(ENTRIES SUPPLIED)
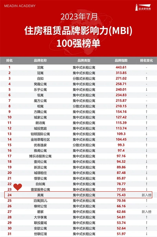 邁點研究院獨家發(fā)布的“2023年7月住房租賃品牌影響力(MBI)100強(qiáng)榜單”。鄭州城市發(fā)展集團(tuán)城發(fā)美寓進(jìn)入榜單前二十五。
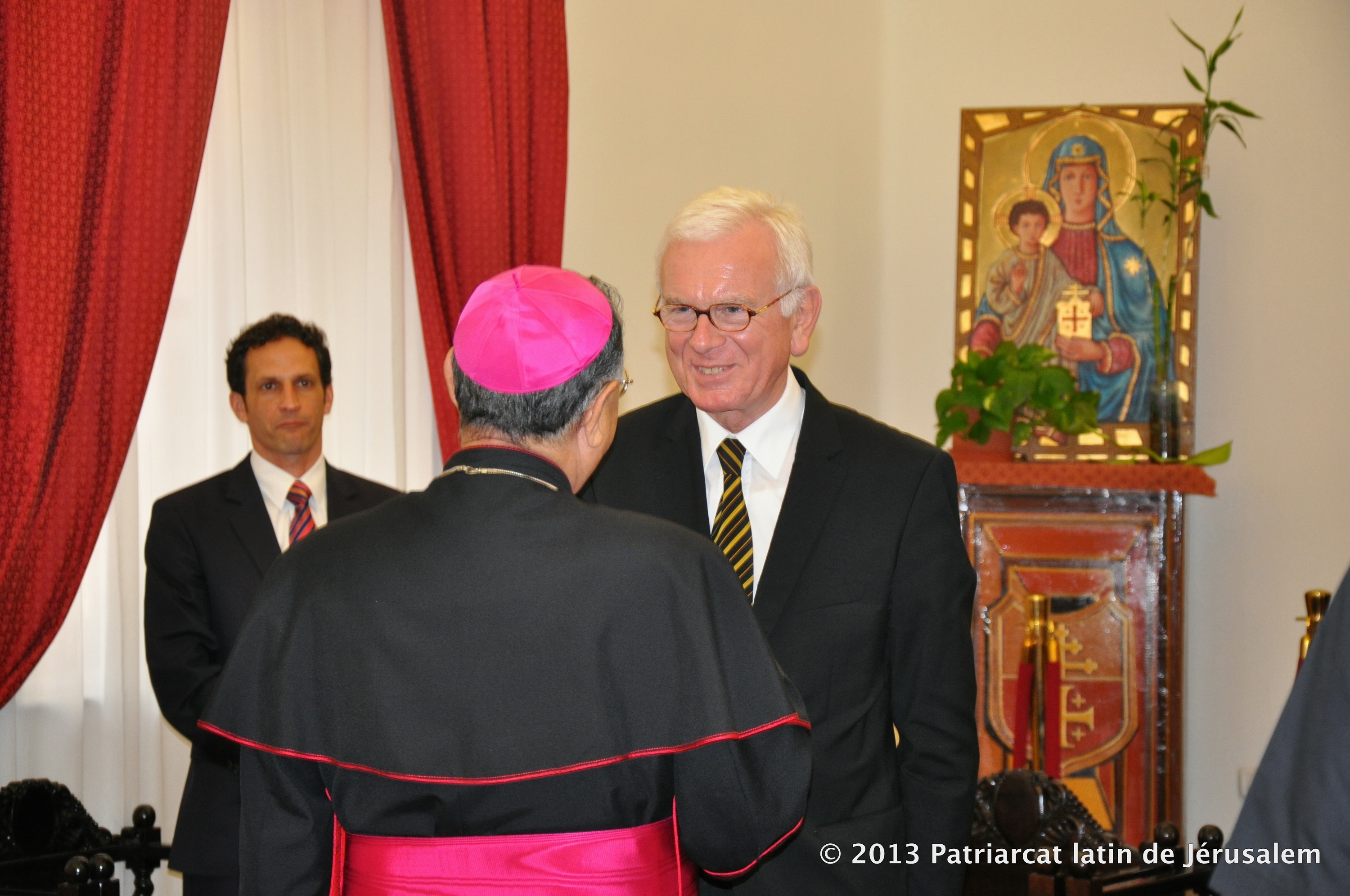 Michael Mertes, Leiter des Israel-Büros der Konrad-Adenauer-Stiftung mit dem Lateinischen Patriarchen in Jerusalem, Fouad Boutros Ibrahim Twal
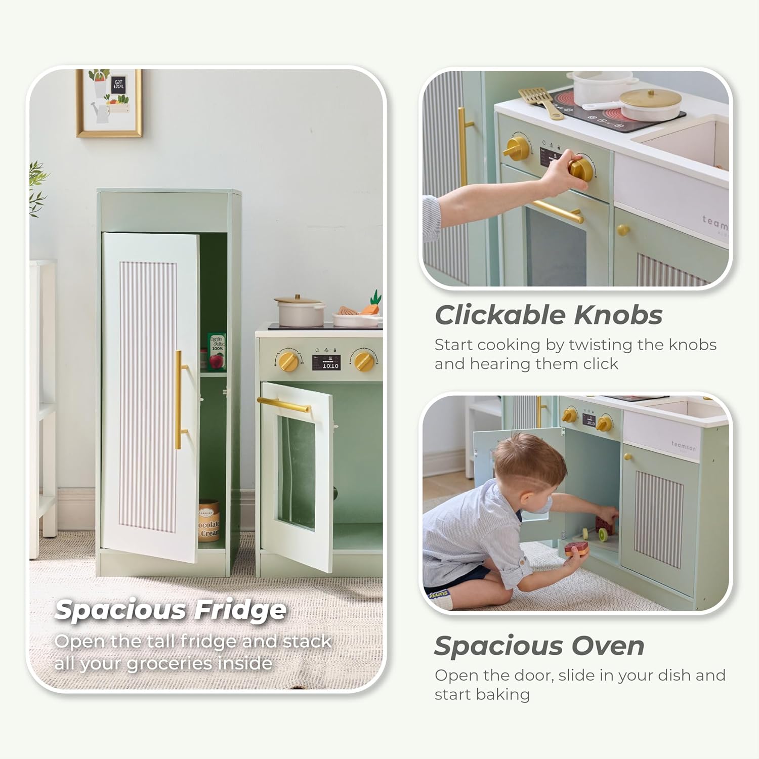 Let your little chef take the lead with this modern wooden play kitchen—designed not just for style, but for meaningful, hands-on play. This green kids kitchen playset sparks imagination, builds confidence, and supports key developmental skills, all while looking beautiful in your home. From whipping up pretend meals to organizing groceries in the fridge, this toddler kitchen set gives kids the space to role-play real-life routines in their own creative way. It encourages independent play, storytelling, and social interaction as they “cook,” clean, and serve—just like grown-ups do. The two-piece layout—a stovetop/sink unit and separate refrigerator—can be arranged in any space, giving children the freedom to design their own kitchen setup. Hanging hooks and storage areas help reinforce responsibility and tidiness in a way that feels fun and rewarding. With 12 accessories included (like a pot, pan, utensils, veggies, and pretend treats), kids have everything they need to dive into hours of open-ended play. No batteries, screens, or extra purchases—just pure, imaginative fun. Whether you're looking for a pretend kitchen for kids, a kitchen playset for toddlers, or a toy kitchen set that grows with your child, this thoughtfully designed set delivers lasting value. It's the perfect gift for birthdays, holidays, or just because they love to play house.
(End ENTRIES SUPPLIED)
(ENTRIES SUPPLIED)
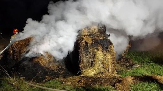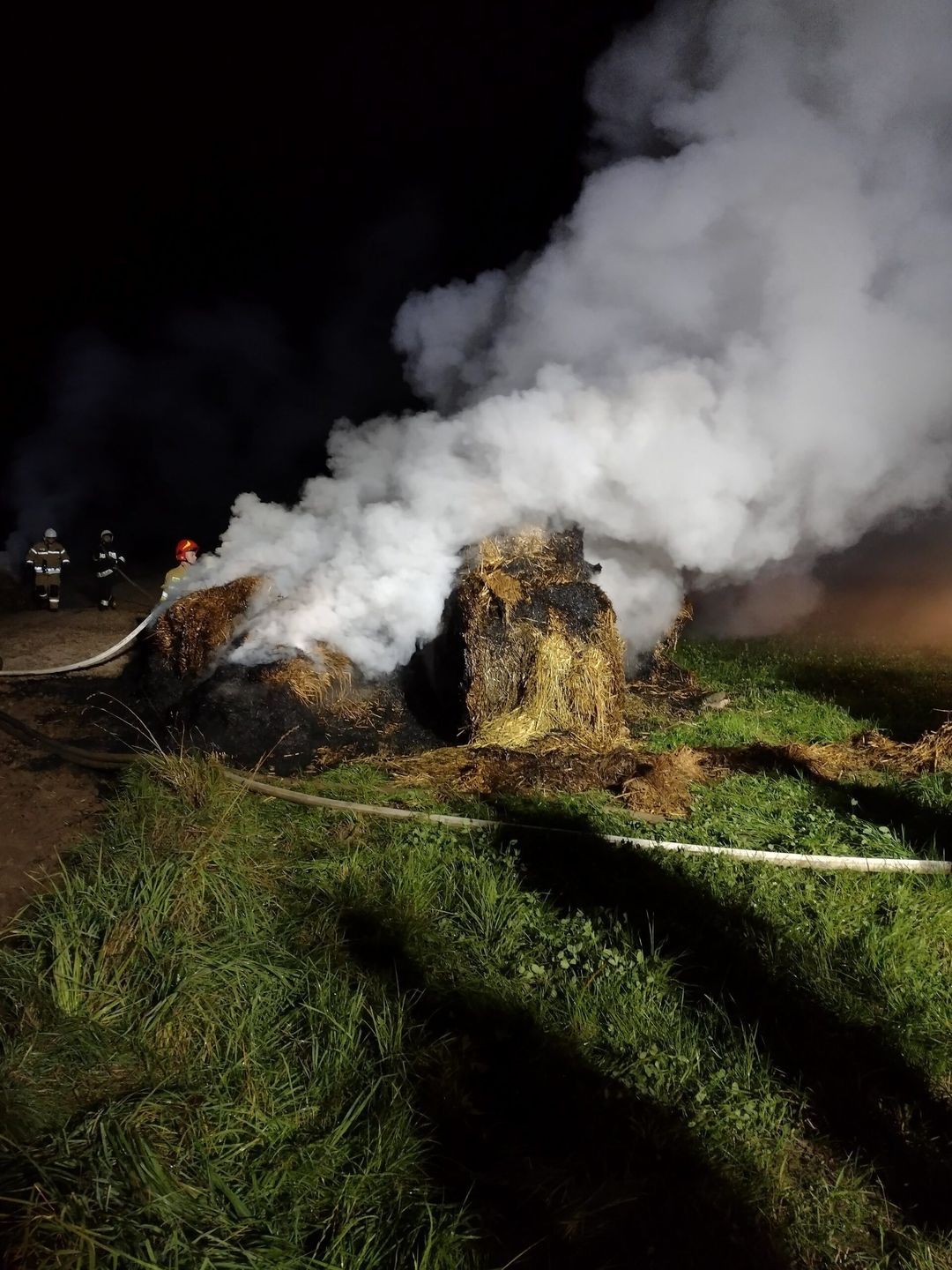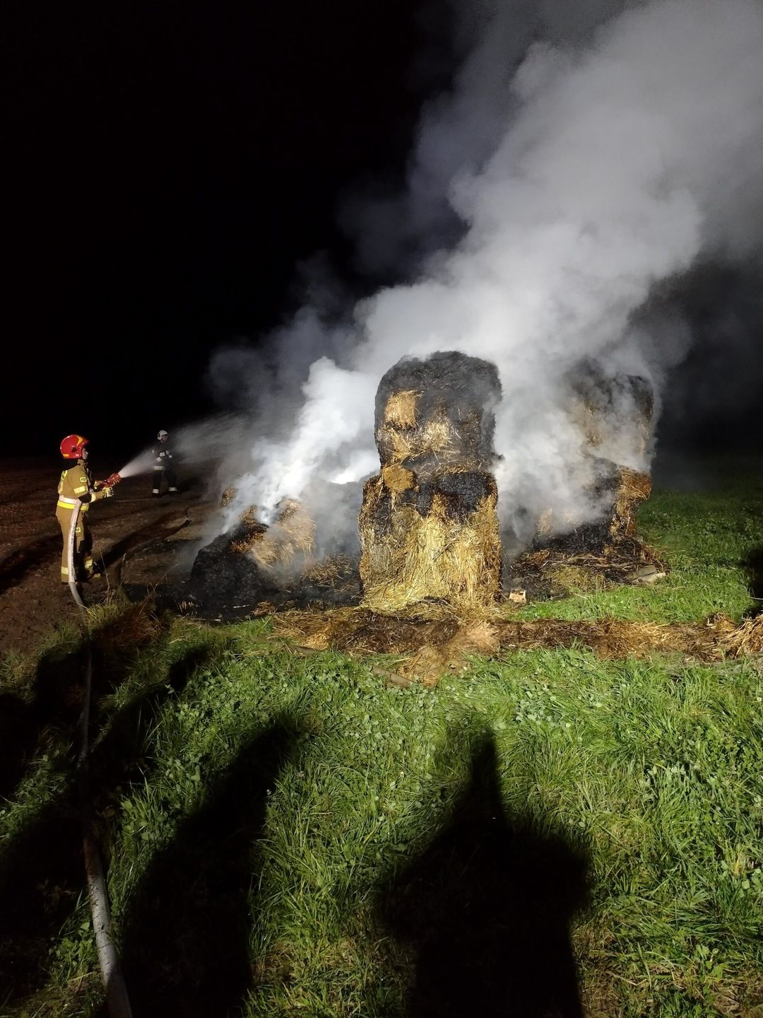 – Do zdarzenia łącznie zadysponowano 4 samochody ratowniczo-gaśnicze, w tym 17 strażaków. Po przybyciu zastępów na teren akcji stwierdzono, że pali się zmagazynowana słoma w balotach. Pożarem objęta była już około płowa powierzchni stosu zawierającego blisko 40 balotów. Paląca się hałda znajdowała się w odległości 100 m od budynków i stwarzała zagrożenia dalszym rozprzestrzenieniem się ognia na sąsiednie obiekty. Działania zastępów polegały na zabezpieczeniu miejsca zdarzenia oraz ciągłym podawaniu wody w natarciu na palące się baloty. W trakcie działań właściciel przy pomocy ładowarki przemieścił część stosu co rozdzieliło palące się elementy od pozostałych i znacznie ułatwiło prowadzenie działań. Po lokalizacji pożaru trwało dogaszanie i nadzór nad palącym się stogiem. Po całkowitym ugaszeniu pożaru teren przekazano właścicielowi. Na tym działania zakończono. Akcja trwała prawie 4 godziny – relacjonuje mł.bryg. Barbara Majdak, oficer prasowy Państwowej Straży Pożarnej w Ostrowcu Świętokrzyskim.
(End ENTRIES SUPPLIED)
▸ TASK
Using the listing above, restate exactly the range between the lines holding "邁點研究院獨家發(fā)布的" and "Let your little", inclusive, with pictures left out.

▸ RESPONSE TO THE TASK
 邁點研究院獨家發(fā)布的“2023年7月住房租賃品牌影響力(MBI)100強(qiáng)榜單”。鄭州城市發(fā)展集團(tuán)城發(fā)美寓進(jìn)入榜單前二十五。
 Michael Mertes, Leiter des Israel-Büros der Konrad-Adenauer-Stiftung mit dem Lateinischen Patriarchen in Jerusalem, Fouad Boutros Ibrahim Twal
 Let your little chef take the lead with this modern wooden play kitchen—designed not just for style, but for meaningful, hands-on play. This green kids kitchen playset sparks imagination, builds confidence, and supports key developmental skills, all while looking beautiful in your home. From whipping up pretend meals to organizing groceries in the fridge, this toddler kitchen set gives kids the space to role-play real-life routines in their own creative way. It encourages independent play, storytelling, and social interaction as they “cook,” clean, and serve—just like grown-ups do. The two-piece layout—a stovetop/sink unit and separate refrigerator—can be arranged in any space, giving children the freedom to design their own kitchen setup. Hanging hooks and storage areas help reinforce responsibility and tidiness in a way that feels fun and rewarding. With 12 accessories included (like a pot, pan, utensils, veggies, and pretend treats), kids have everything they need to dive into hours of open-ended play. No batteries, screens, or extra purchases—just pure, imaginative fun. Whether you're looking for a pretend kitchen for kids, a kitchen playset for toddlers, or a toy kitchen set that grows with your child, this thoughtfully designed set delivers lasting value. It's the perfect gift for birthdays, holidays, or just because they love to play house.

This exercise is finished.